Why This Architecture?

  • torch.compile compatibility: ops layer dispatches to native PyTorch when compiling, allowing Inductor to fuse operations across layers
  • Performance: ops layer uses optimized Triton kernels in eager mode
  • Separation of concerns: kernel layer focuses on pure kernel implementation, ops layer handles dispatch logic

torch.compile Strategy by Operator Type

TeleFuser uses a mixed strategy for torch.compile compatibility, optimizing based on operator characteristics:

Operator Type Strategy Reason
Attention (High compute density) @torch.compiler.disable FlashAttention/SageAttention outperform native PyTorch significantly; fusion gains limited
RoPE (Medium compute density) @torch.compiler.disable Triton kernel outperforms native; subsequent Attention blocks fusion anyway
RMSNorm/LayerNorm (Low compute density) Native in compile mode Overhead-bound; Inductor can fuse with adjacent ops for better gains
modulate (Point operations) Native in compile mode Minimal compute; Inductor auto-fusion optimal

Execution flow example:

Linear → RMSNorm(q_norm) → RoPE → Attention
                      ↑        ↑         ↑
               Native+Fuse  Triton    Triton (disabled)

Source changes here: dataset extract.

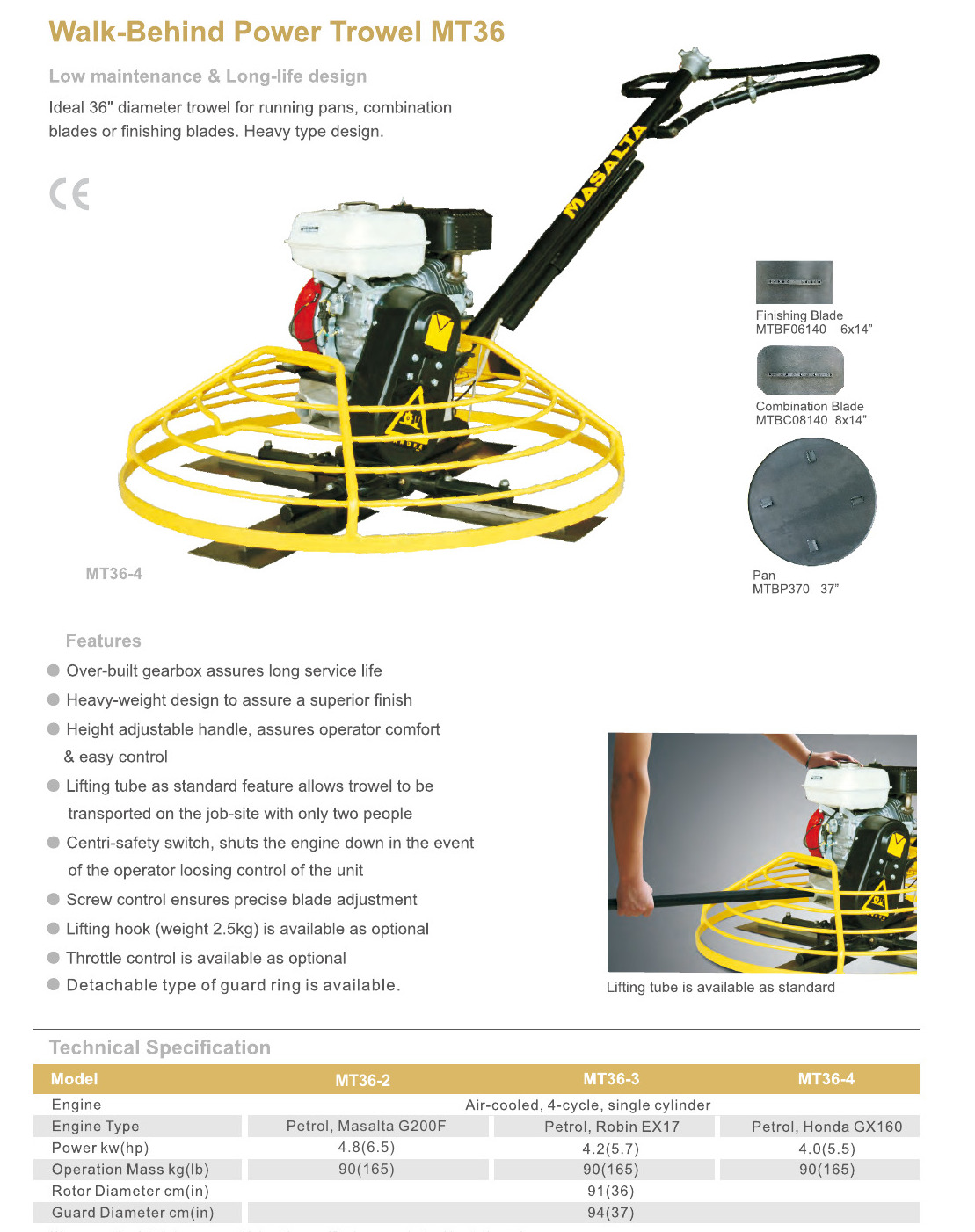 La llana Masalta MT36-4 está diseñada para nivelar superficies horizontales de concreto y es perfecta para lechadas rugosas y de acabado. La llana Masalta MT36-4 tiene el valor más práctico para un diámetro de 36 pulgadas (900 mm).

Since Attention uses @torch.compiler.disable, fusion beyond RoPE is blocked anyway. Therefore, RoPE uses Triton kernel to maximize single-operator performance.

Overview

The telefuser/ops module contains the following core components:

Module Description File
Activations GELU, SiLU, GEGLU, SwiGLU, etc. activations.py
Feed-Forward Networks Configurable FFN implementations ffn.py
Normalization Layers RMSNorm, LayerNorm, AdaLayerNorm normalization.py
Quantized Linear Layers FP8 quantized linear layers quantized_linear.py
Attention Dense and sparse attention implementations attention/

Activations (activations.py)

Standard Activation Functions

from telefuser.ops.activations import get_activation

# Get standard activation functions
silu = get_activation("silu")
gelu = get_activation("gelu")
mish = get_activation("mish")

FP32SiLU

FP32 version of SiLU activation for numerical stability:

from telefuser.ops.activations import FP32SiLU

activation = FP32SiLU()
output = activation(inputs)  # Internally converts to FP32 for computation

Gated Linear Units

GELU

Standard GELU activation function with tanh approximation support:

from telefuser.ops.activations import GELU

# Exact GELU
gelu = GELU(dim_in=1024, dim_out=4096, approximate="none")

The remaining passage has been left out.